* Task directions
Take the records below and set down exactly the lines from the one with "Проводит куратор выставки, мастер" to the one with "In this Dark-Fantasy, RTS", ends included; do not copy the pictures.

* Source information

━━━

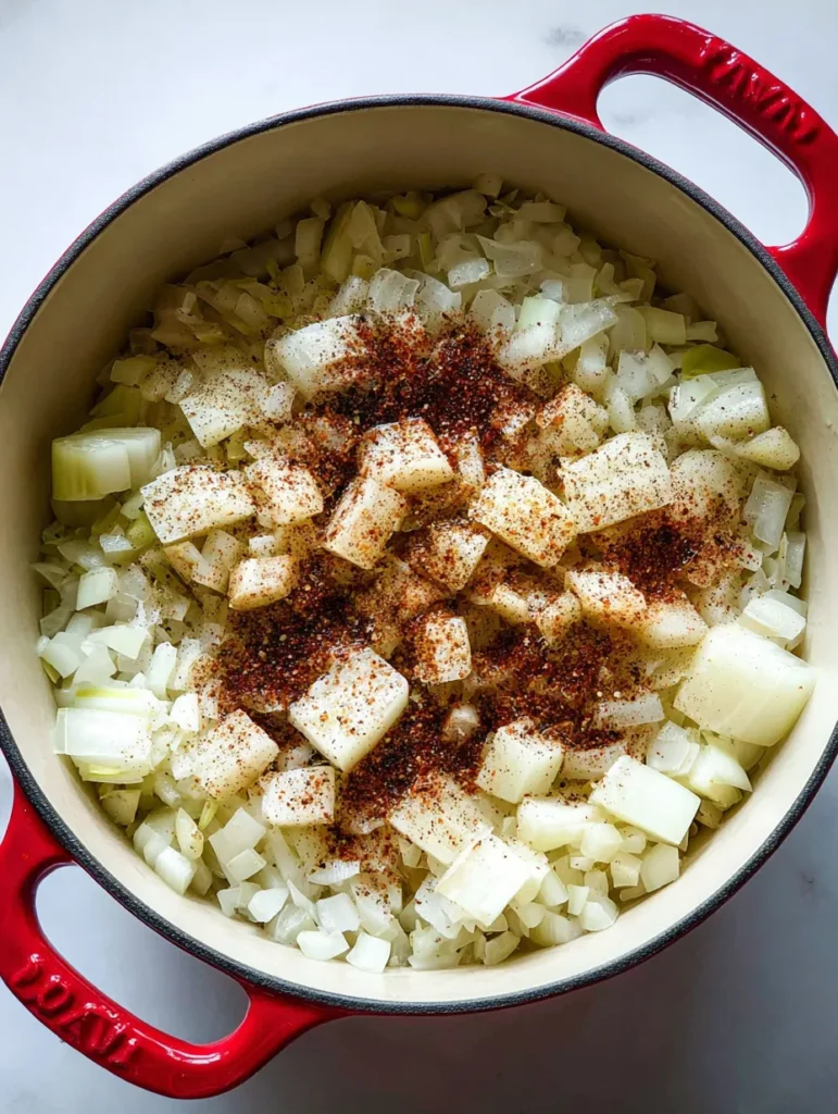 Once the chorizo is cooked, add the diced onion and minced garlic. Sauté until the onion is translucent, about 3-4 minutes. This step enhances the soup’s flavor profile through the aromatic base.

━━━

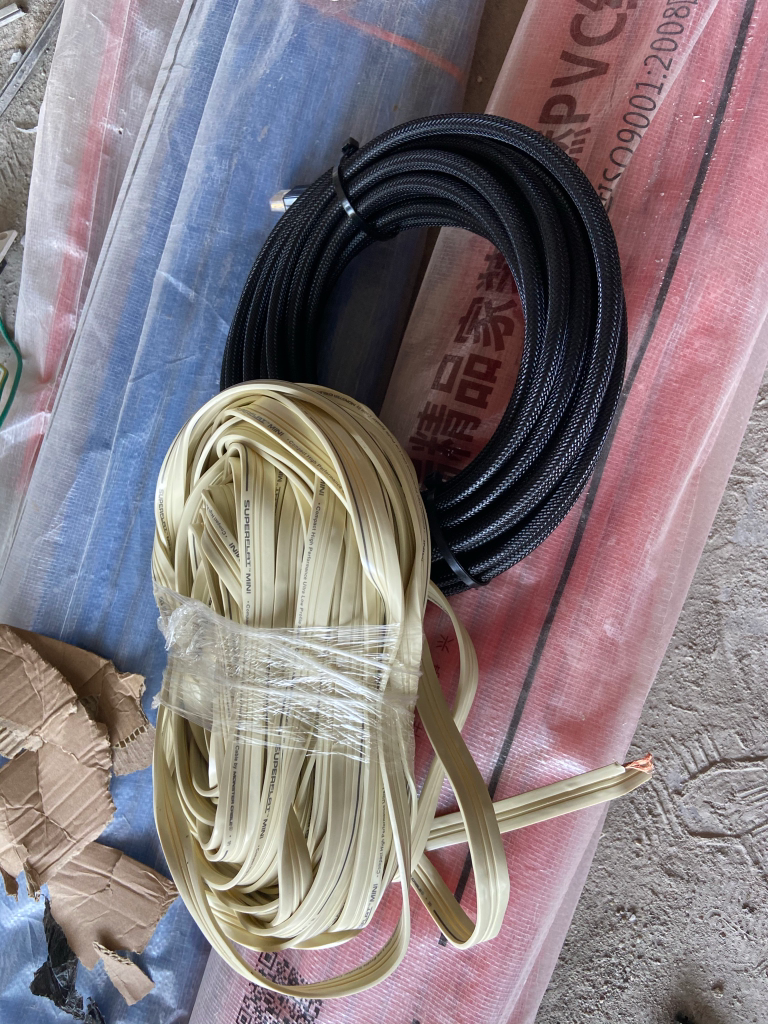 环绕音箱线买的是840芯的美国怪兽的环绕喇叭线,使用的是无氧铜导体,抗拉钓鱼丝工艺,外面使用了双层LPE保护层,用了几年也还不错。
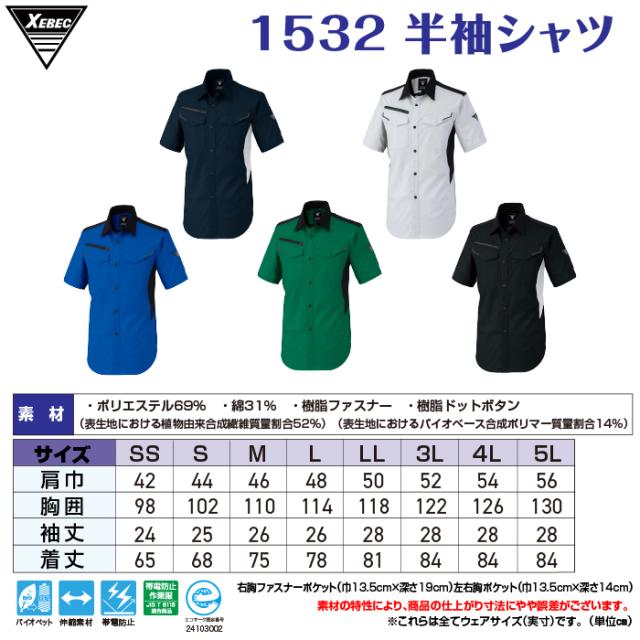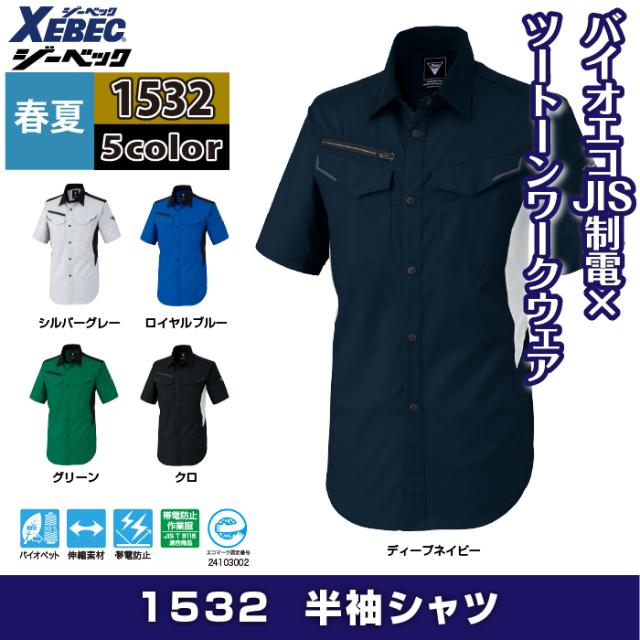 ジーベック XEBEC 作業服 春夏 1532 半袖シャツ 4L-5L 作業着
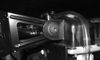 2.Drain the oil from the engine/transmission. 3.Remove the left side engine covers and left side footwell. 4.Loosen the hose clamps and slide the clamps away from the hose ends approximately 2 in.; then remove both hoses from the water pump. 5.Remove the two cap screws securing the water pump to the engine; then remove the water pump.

━━━

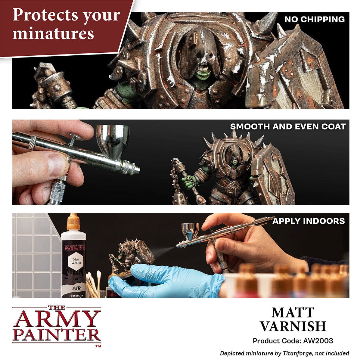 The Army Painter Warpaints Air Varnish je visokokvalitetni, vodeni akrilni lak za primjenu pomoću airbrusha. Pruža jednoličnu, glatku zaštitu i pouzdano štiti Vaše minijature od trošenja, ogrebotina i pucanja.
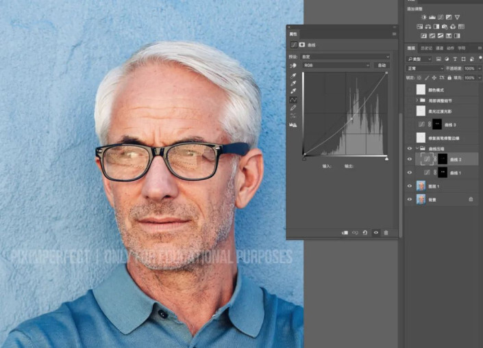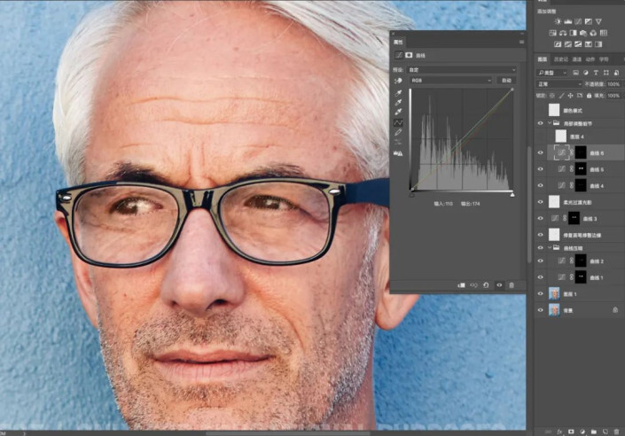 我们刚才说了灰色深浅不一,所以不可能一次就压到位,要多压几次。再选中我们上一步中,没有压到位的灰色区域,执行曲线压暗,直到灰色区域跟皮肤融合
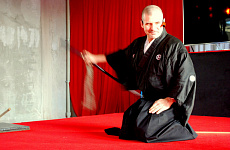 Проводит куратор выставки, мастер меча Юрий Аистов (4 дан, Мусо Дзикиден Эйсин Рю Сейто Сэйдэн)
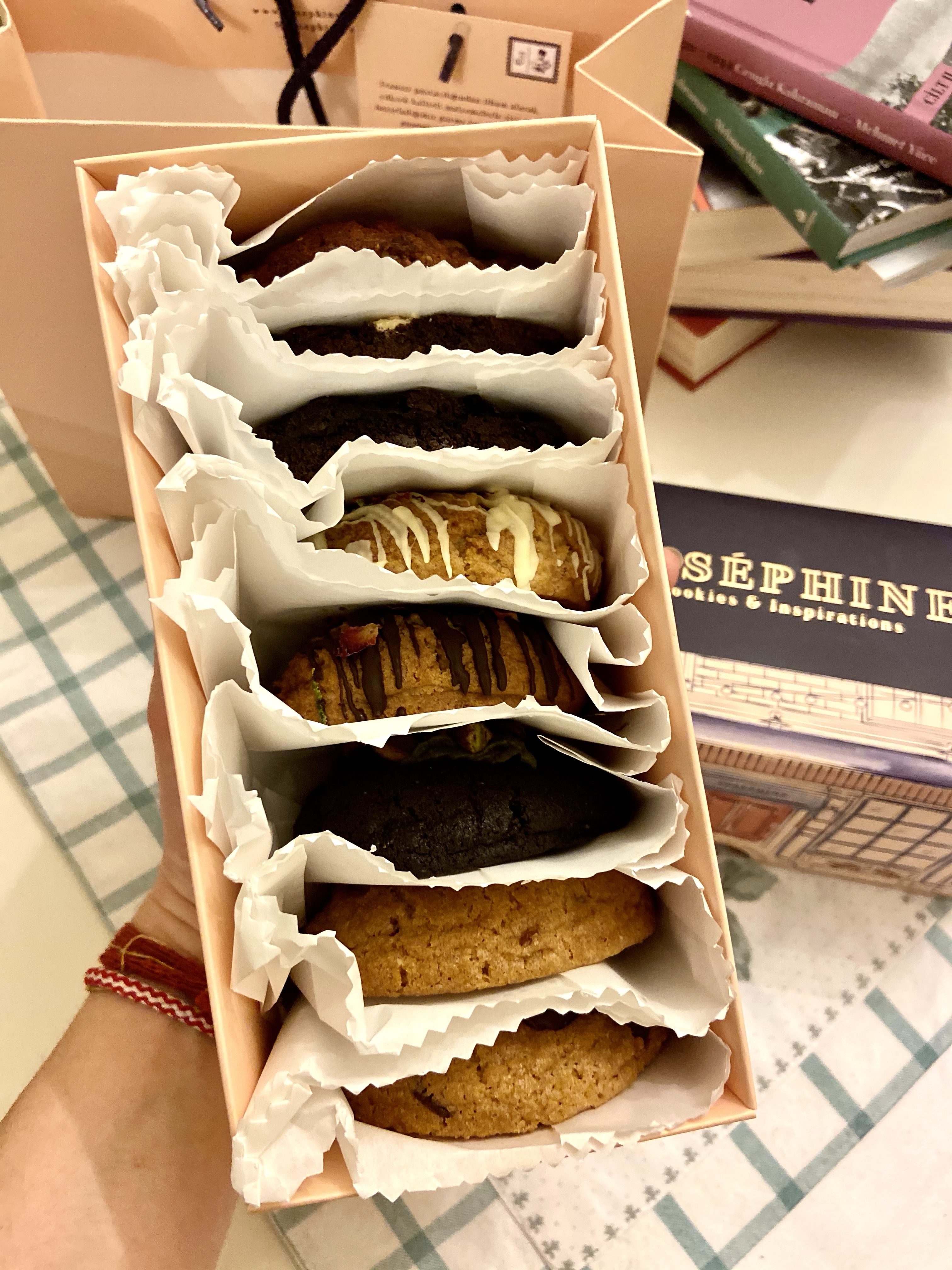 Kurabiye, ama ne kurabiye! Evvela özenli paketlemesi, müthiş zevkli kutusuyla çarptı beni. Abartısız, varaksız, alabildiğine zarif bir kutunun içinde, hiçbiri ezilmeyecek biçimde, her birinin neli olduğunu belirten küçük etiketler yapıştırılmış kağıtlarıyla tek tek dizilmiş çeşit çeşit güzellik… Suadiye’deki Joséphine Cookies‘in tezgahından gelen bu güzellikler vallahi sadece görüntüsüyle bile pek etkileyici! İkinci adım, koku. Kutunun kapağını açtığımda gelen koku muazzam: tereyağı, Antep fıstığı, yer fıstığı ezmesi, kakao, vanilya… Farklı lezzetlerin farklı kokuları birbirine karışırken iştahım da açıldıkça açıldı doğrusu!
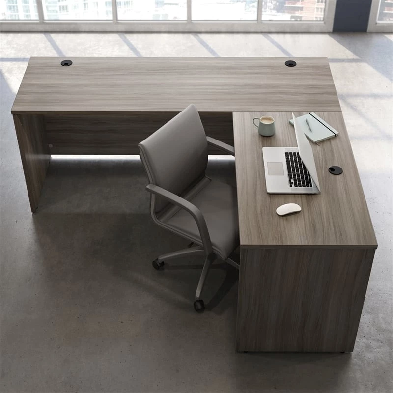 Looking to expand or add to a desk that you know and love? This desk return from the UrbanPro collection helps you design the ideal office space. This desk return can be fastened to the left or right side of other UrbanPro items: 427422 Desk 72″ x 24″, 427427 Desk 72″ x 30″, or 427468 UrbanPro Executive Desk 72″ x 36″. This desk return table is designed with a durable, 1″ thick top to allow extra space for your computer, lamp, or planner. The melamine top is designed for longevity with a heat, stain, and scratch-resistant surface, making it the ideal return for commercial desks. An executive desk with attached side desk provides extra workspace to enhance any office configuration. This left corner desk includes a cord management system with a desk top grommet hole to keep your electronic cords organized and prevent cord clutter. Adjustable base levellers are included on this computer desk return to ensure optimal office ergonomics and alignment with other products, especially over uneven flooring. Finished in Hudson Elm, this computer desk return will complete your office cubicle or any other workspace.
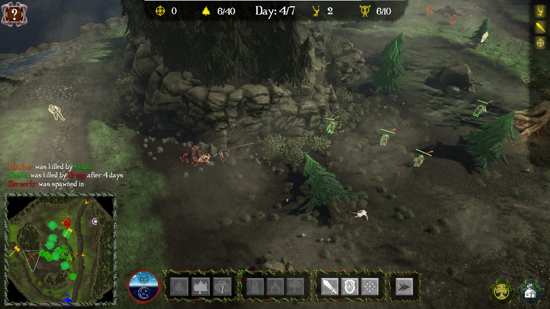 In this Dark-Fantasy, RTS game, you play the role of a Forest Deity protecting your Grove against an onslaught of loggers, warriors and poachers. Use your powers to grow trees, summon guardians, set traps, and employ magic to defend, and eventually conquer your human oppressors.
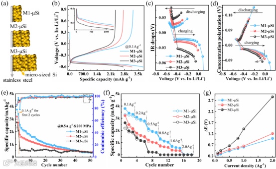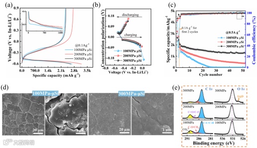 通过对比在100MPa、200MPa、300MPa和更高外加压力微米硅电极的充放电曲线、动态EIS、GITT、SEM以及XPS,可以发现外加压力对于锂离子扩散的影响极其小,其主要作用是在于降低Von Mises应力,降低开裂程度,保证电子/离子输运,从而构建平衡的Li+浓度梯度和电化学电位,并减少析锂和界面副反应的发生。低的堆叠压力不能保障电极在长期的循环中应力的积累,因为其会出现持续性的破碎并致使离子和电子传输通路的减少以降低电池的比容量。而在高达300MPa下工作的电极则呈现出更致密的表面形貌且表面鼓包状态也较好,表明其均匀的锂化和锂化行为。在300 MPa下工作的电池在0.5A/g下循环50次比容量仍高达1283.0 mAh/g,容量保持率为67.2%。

━━━

* Task output
 Проводит куратор выставки, мастер меча Юрий Аистов (4 дан, Мусо Дзикиден Эйсин Рю Сейто Сэйдэн)
 Kurabiye, ama ne kurabiye! Evvela özenli paketlemesi, müthiş zevkli kutusuyla çarptı beni. Abartısız, varaksız, alabildiğine zarif bir kutunun içinde, hiçbiri ezilmeyecek biçimde, her birinin neli olduğunu belirten küçük etiketler yapıştırılmış kağıtlarıyla tek tek dizilmiş çeşit çeşit güzellik… Suadiye’deki Joséphine Cookies‘in tezgahından gelen bu güzellikler vallahi sadece görüntüsüyle bile pek etkileyici! İkinci adım, koku. Kutunun kapağını açtığımda gelen koku muazzam: tereyağı, Antep fıstığı, yer fıstığı ezmesi, kakao, vanilya… Farklı lezzetlerin farklı kokuları birbirine karışırken iştahım da açıldıkça açıldı doğrusu!
 Looking to expand or add to a desk that you know and love? This desk return from the UrbanPro collection helps you design the ideal office space. This desk return can be fastened to the left or right side of other UrbanPro items: 427422 Desk 72″ x 24″, 427427 Desk 72″ x 30″, or 427468 UrbanPro Executive Desk 72″ x 36″. This desk return table is designed with a durable, 1″ thick top to allow extra space for your computer, lamp, or planner. The melamine top is designed for longevity with a heat, stain, and scratch-resistant surface, making it the ideal return for commercial desks. An executive desk with attached side desk provides extra workspace to enhance any office configuration. This left corner desk includes a cord management system with a desk top grommet hole to keep your electronic cords organized and prevent cord clutter. Adjustable base levellers are included on this computer desk return to ensure optimal office ergonomics and alignment with other products, especially over uneven flooring. Finished in Hudson Elm, this computer desk return will complete your office cubicle or any other workspace.
 In this Dark-Fantasy, RTS game, you play the role of a Forest Deity protecting your Grove against an onslaught of loggers, warriors and poachers. Use your powers to grow trees, summon guardians, set traps, and employ magic to defend, and eventually conquer your human oppressors.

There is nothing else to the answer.